PARIS — Ignore Avenue Montaigne. The Les Halles community — the spot in the Very first Arrondissement the moment nicknamed “the Tummy of Paris” for its sprawling food items marketplace — is about to develop into a magnet for French manner.
In April, La Samaritaine, as soon as a person of the oldest department stores in the city, is to reopen as a luxury shopping mall and five-star resort courtesy of LVMH Moët Hennessy Louis Vuitton, proprietor of Dior, Vuitton and Givenchy. In June, the Bourse du Commerce, a previous commodities trade having a second lifetime with assist from the celebrated Japanese architect Tadao Ando, is scheduled to grow to be house for section of the Pinault collection of up to date artwork (Pinault, as in the household that owns Kering, dad or mum organization of Saint Laurent and Balenciaga there also is a museum in Venice). And the Louvre des Antiquaires is to morph into the Fondation Cartier in 2023.
But as the very well-shod hordes put together to descend on this previously considerably less-celebrated part of the town, where, oh exactly where, will they consume?
L’Epi d’Or. A small community bistro near the Bourse, it has been operate by girls for a few generations and retains its unpretentious 1930s décor of copper pots, novice continue to lifes, hydrangeas stuffed into ceramic jugs and, on the zinc bar, a mascot in the type of an owl-formed metallic ice bucket.
It is very little if not authentic — and these times trend enjoys absolutely nothing so much as authenticity.
Even now, L’Epi d’Or may possibly have turn out to be a convenience keep had Elodie Piège not been tipped off that it was in lookup of assistance. She is the spouse of Jean-François Piège, a Michelin-starred chef, previously a judge on the French version of the Tv set clearly show “Top Chef” and the writer of 10 cookbooks.
The few now owned the two-star Le Grand Cafe, La Poule au Pot and the two-restaurant Clover operation, had not long ago began a relatives and had no intention of expanding their minimal empire. But, Ms. Piège explained, “Places like L’Epi d’Or are part of the soul of Paris: it is about what you try to eat but also so lots of other factors. We require to preserve that heritage.”
So she took out a loan, taken care of the decorating herself and asked two girls currently operating for her at an additional restaurant to assistance acquire the lead at L’Epi d’Or on Rue Jean-Jacques Rousseau.
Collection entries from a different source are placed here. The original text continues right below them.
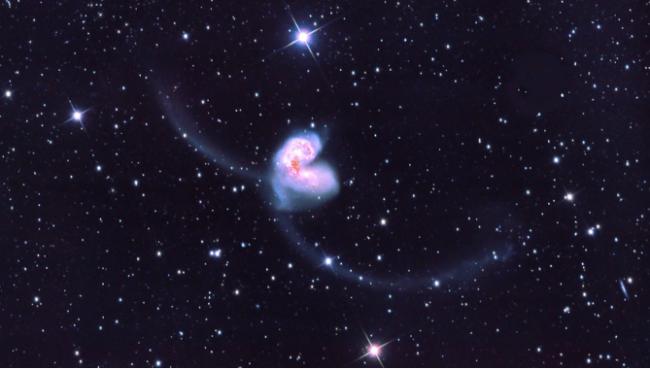 这两个编号为NGC 4038和NGC 4039的星系对,被称为触须星系(Antennae galaxies),距离我们银河系约4500光年远。它实际上是两座在交互作用下、正在合并中的星系。
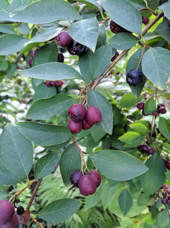 Im Frühjahr sind die Zweige mit unzählichen kleinen weißen Blüten besetzt, jetzt hängen die Zweige voll mit Früchen. Und ich frage mich immer ob man die essen kann...
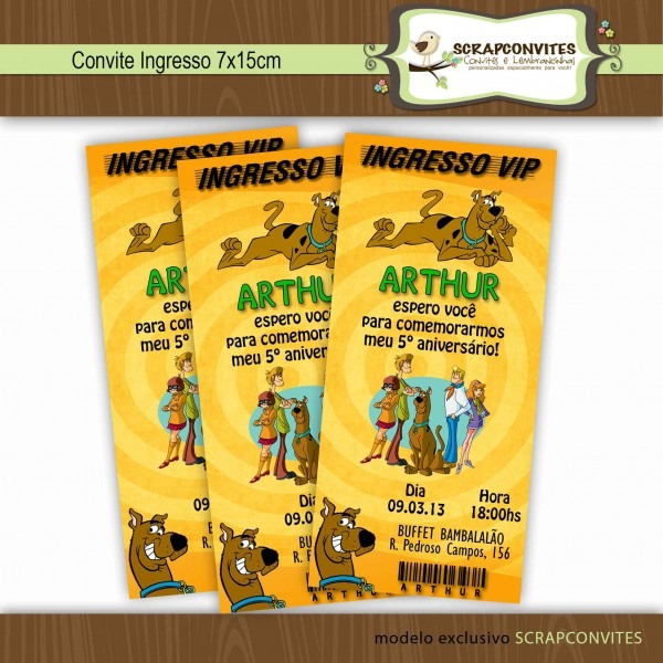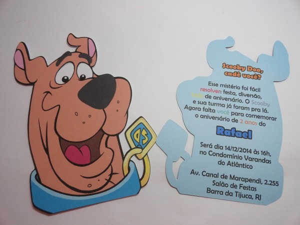 Convite Scooby Doo no Elo7 . Compre Convite Scooby Doo no Elo7 por R$ 2,59 | Encontre mais produtos de Convites de Aniversário e Convites parcelando em até 12 vezes | Convite Scooby Doo. Na frente a cabeça do Scooby e atrás os dados da festa.
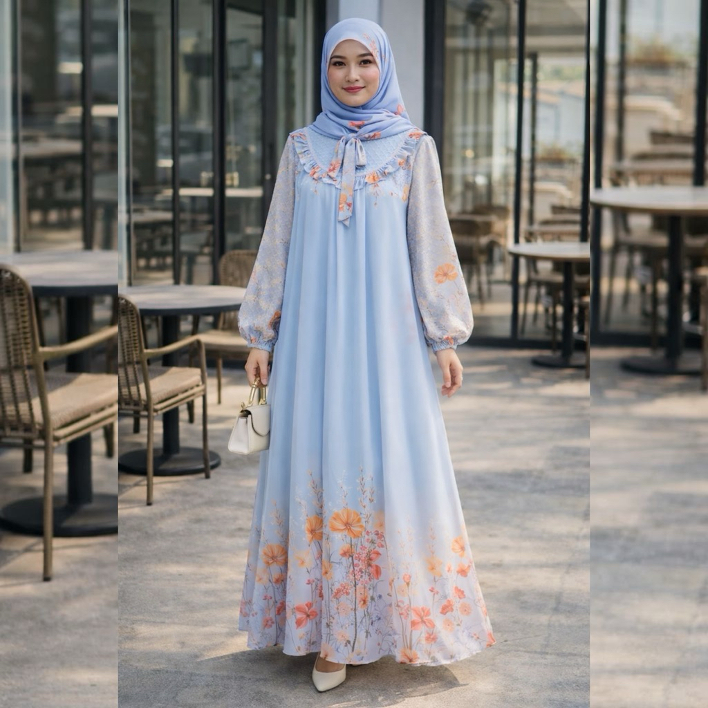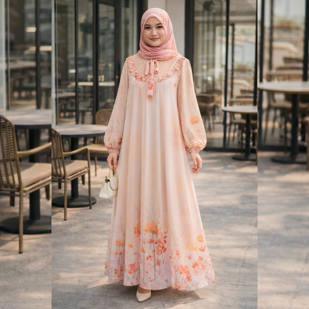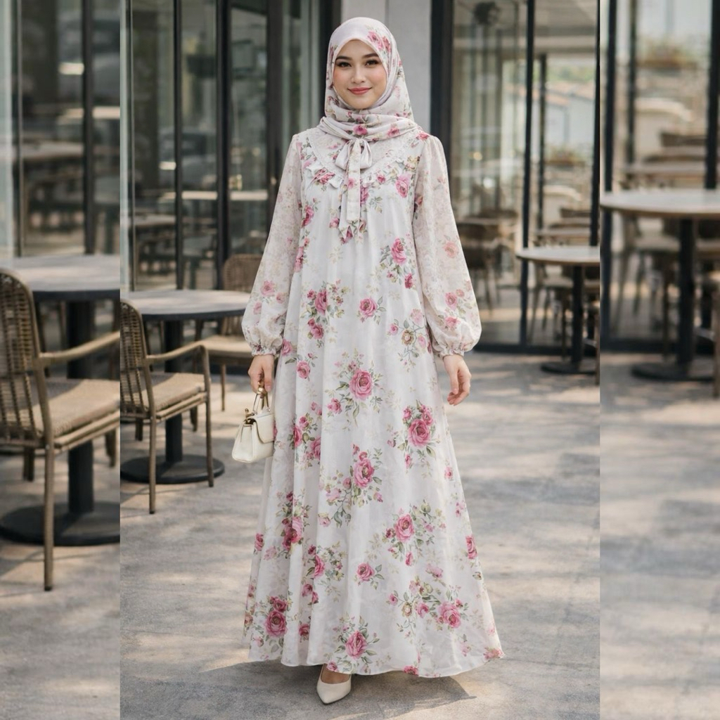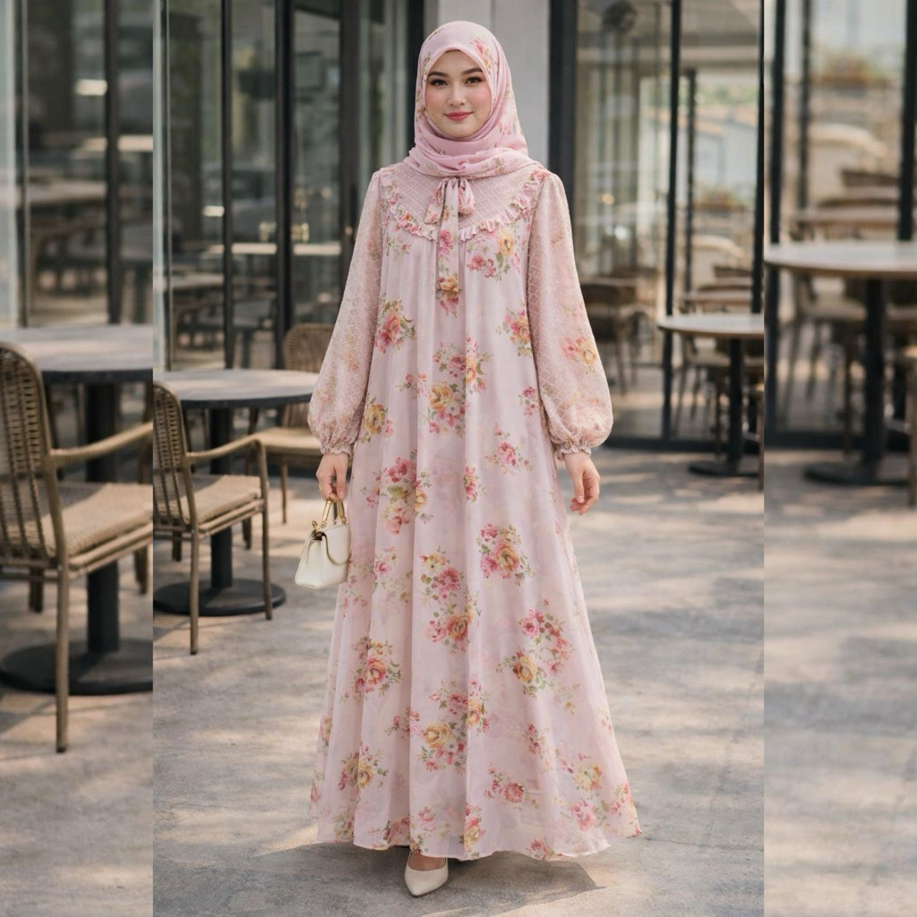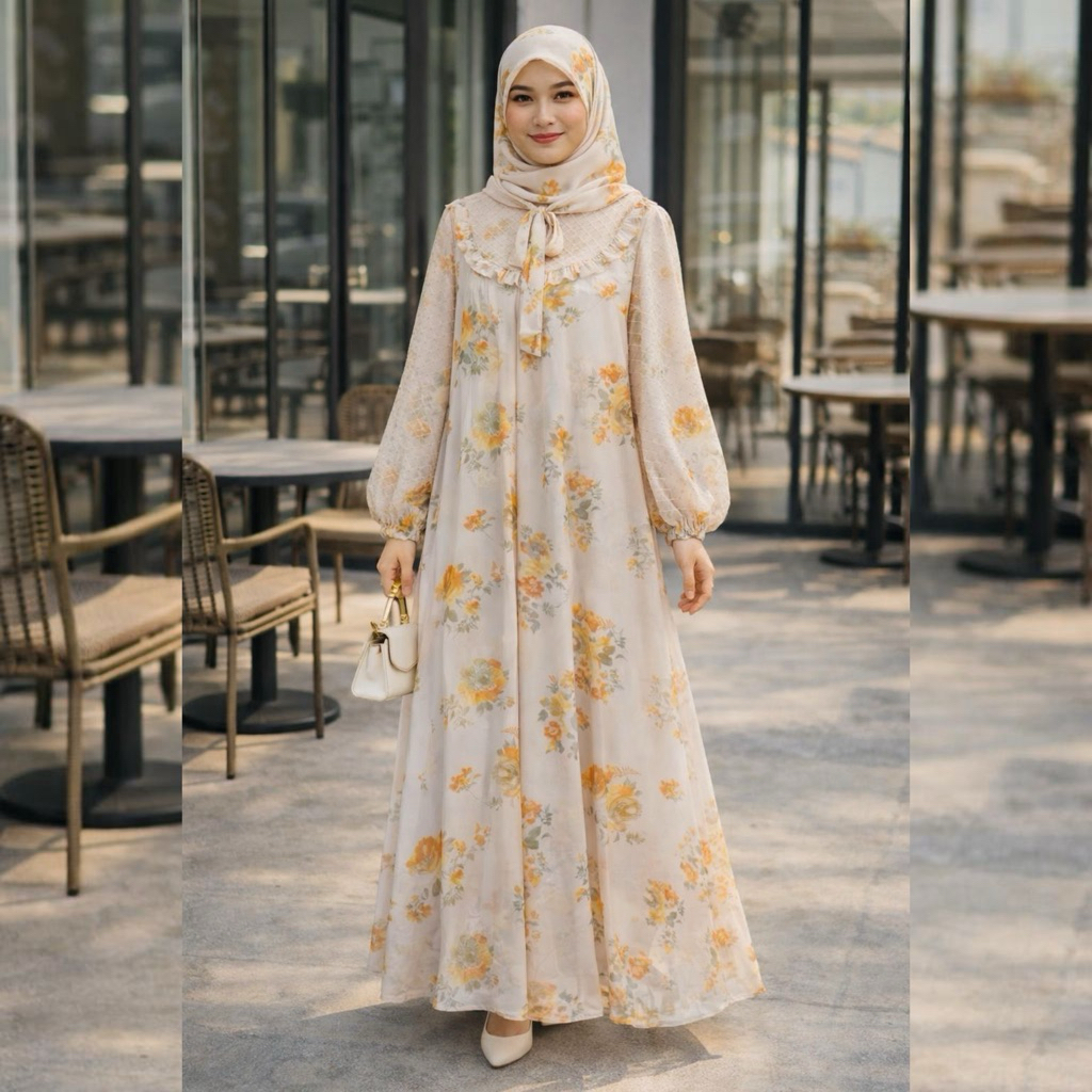 MAHINA SET HIJAB By ZIYA Square New Tille Premium Mix Ceruty Pleated Armany Babydoll Full Lining Abaya Set Hijab
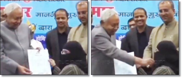 Menurut laporan, dokter Nusrat Parveen, mengenakan jilbab yang menutupi wajahnya, mendekati panggung untuk menerima surat penunjukan sebagai salah satu dari 10 dokter AYUSH yang secara pribadi diberikan surat oleh Kumar. Saat itu, Kepala Menteri berusia 75 tahun itu terlihat terkejut dan dilaporkan bertanya, “Apa ini?” sebelum mengulurkan tangan dari platform dan menarik kerudungnya.

Much like a heritage fashion model, reinventing a restaurant can be a complex and expensive proposition. At La Poule au Pot, a historic bourgeois favorite the Pièges reopened in 2018, they poured 3 million euros ($3.26 million) into renovations that would look “the identical, but far better,” Ms. Piège stated.
For L’Epi d’Or, they invested just one-3rd that volume to modify “not significantly, but at the very same time loads of points,” she said. A new kitchen area was installed and the electrical wiring updated, but they left the indentations on the ceiling that were being the vestiges of Champagne corks earlier.
Ms. Piège explained that, for the very first time, she resolved to reference her Portuguese roots in the restaurant, including ceramics to the décor. “It’s the put that appears to be the minimum like us, but in the end, it’s the restaurant that resembles us the most,” she claimed.
Providing the location what Ms. Piège named “a a lot more freestyle and spontaneous” feel also bundled modest price ranges, with set-value menus at much less than €40, and reserving about half the 40 seats for stroll-in diners. As for the menu, the shortlist of à la carte classics features a Croque Madame, the toasted cheese and ham sandwich topped with an egg, and there are traditional household signature dishes like seven-hour lamb and steak tartare. On a new Friday, the established menu was pot-au-feu vegetables with vinaigrette, cod à la Normande, and chocolate mousse the clientele provided the shoe designer Christian Louboutin and his staff.
“I know the put by coronary heart. I knew it even prior to opening my shop in the Galerie Véro-Dodat,” Mr. Louboutin claimed, referring to a nearby arcade. “I know some incredibly elegant people today who seldom leave the Seventh Arrondissement, but they’ll arrive in this article, and they notify me how fortunate I am to be up coming doorway.”